_PROBLEM STATEMENT_.
In the listing below, start your output at the line with "Sur le cadran" and end it after the line with "EU ambassador Carmen", copying every line exactly.

_RECORD EXCERPTS_.

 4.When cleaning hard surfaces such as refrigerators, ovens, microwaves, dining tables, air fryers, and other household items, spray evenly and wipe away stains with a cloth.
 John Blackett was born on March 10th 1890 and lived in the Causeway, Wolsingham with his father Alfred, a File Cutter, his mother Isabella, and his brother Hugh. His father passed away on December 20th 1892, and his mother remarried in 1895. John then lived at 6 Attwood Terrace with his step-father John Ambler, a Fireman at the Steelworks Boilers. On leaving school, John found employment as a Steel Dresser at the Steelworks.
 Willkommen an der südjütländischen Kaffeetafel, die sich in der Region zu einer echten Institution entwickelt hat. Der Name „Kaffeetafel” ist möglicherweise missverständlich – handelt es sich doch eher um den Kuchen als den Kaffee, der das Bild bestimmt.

...

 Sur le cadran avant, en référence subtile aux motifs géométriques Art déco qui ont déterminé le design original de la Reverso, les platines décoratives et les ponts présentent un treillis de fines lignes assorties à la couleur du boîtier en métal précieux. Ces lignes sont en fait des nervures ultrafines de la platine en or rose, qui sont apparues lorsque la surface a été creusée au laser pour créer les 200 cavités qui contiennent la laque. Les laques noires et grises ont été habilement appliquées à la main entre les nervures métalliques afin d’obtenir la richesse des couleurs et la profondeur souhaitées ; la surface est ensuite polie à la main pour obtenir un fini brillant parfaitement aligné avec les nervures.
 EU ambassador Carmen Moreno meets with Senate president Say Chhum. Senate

_ANSWER TO THIS EXERCISE_.
 Sur le cadran avant, en référence subtile aux motifs géométriques Art déco qui ont déterminé le design original de la Reverso, les platines décoratives et les ponts présentent un treillis de fines lignes assorties à la couleur du boîtier en métal précieux. Ces lignes sont en fait des nervures ultrafines de la platine en or rose, qui sont apparues lorsque la surface a été creusée au laser pour créer les 200 cavités qui contiennent la laque. Les laques noires et grises ont été habilement appliquées à la main entre les nervures métalliques afin d’obtenir la richesse des couleurs et la profondeur souhaitées ; la surface est ensuite polie à la main pour obtenir un fini brillant parfaitement aligné avec les nervures.
 EU ambassador Carmen Moreno meets with Senate president Say Chhum. Senate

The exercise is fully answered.